TWI do pneu: o sinal que mostra quando chegou a hora da troca

O TWI indica quando a banda de rodagem do pneu chegou ao limite de desgaste. Entenda como localizar o indicador, o que significa o limite de 1,6 mm e quando a troca do pneu se torna necessária.

Não é preciso esperar o pneu ficar completamente liso para saber que ele chegou ao limite de desgaste. O próprio pneu possui pequenos indicadores na banda de rodagem que permitem verificar visualmente quando a profundidade dos sulcos atingiu o mínimo permitido para circulação.

Esse indicador é chamado de TWI (Tread Wear Indicator).
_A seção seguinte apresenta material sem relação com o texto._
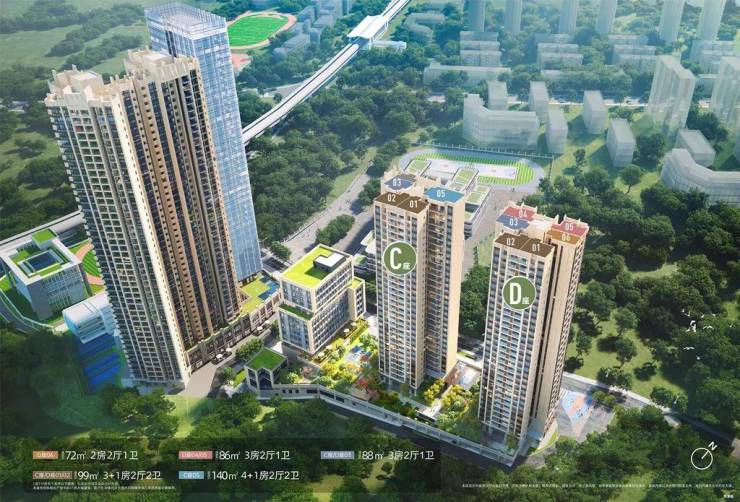 言成云祥公馆二期建筑面积约6.7万平方米,规划包括2栋高层住宅、1栋12层办公建筑以及1栋3层高的商业建筑。二期房源面积确定为72-140平方米,涵盖2-4房户型,其中72平方米的两房、86-88平方米的三房、99平方米的三加一房以及140平方米的4+1房,满足不同家庭的居住需求。

No Brasil, a Resolução Contran nº 913/2022 proíbe a circulação quando o desgaste da banda de rodagem atinge esses indicadores ou quando a profundidade remanescente fica abaixo de 1,6 mm.

Saber localizar o TWI ajuda não apenas a evitar uma infração. Pneus excessivamente desgastados perdem capacidade de escoar água e deixam o veículo mais vulnerável à perda de aderência, principalmente em piso molhado.

O que é o TWI do pneu?

TWI é a sigla em inglês para Tread Wear Indicator, ou indicador de desgaste da banda de rodagem.

Na prática, são pequenos ressaltos de borracha posicionados no fundo dos sulcos. A Resolução Contran nº 913/2022 determina que os pneus sejam fabricados ou reformados com indicadores de desgaste no fundo do desenho da banda de rodagem.

Na lateral do pneu normalmente existem inscrições, símbolos ou outras indicações que ajudam a encontrar a posição desses ressaltos.

O TWI fica no interior dos sulcos da banda de rodagem e funciona como uma referência visual para acompanhar o avanço do desgaste.

A verificação é simples: conforme o pneu roda, a borracha da banda de rodagem se desgasta e se aproxima da altura do TWI. Quando as duas superfícies ficam niveladas, o limite foi atingido.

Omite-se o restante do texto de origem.